Rope - Climbing ropes are not like the rope you see employed to tie ships up to the dock. Climbing ropes are fashioned from a special nylon weave that provides them with flexibility, durability, impact resistance and strength. A good rope is going to cost more than a few bucks. But climbing ropes literally save thousands of lives every year.
Chalk - Who knew that after the chalkboard disappeared from classrooms chalk would reenter the cultural conversation as a means for allowing the ever growing number of climbers to obtain dry, secure holds as the navigated their routes. If you’re serious about rock you’ll need a chalk bag on your belt and plenty of chalk to keep those sweaty hands nice and dry.
Carabiners - We discussed biners at length above so we don’t really need to get into the gory details again here. Suffice to say that your climbing clips are the point of connection between the rope, the mountain, (or rock wall), and your harness. You’ll want to have a nice variety of the best carabiner sizes and types to accommodate different types of climbs.
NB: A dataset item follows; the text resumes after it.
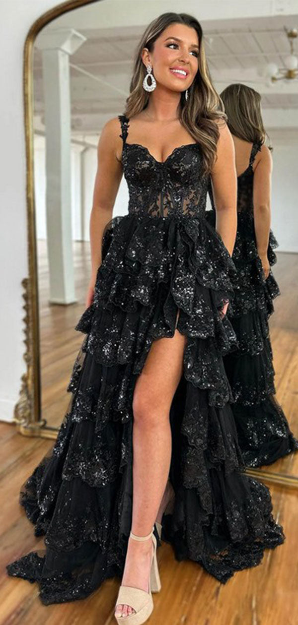 Sexy Black Spaghetti Strap High Low Long Prom Dress Ideas, Evening Par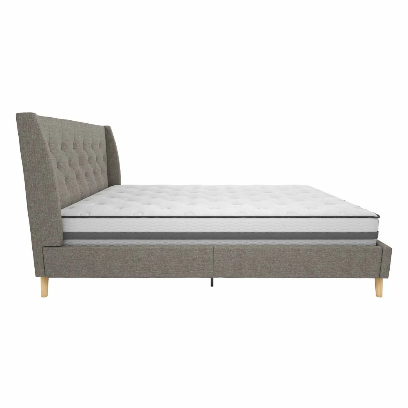 The Novogratz Her Majesty Bed is tailor-made for your bedroom. This complete bed includes a durable wood frame, a headboard, and rails. The headboard features a classic wingback design with button-tufted linen upholstery. It stands on four tapered, wooden legs, with two metal legs and a center rail offering additional support. It has a slatted base for ventilation, and no box spring is needed.

Chocks - Chocks or “nuts” are used to wedge into crevices on the rock face and attach protection to. They come in all sizes to accommodate all different sized cracks. You attach a carabiner or quickdraw to the end loop of the chock and run the rope through the biner. Chocks are to rock climbing what screws are to ice climbing.
Tape slings - Tape slings are not tape at all. They’re strips of incredibly strong nylon that can be anywhere from a few inches to a few feet in length. They’re used in tight spots when you don’t have any obvious means of anchoring yourself with a chock.
Belay plates - The rope is run through the belay plate or figure 8 in order to provide friction the belayer can use to help take some of the load off the person they’re belaying. They’re also used to help control the descent while rappelling. And to prevent the rope from feeding out in case of a fall.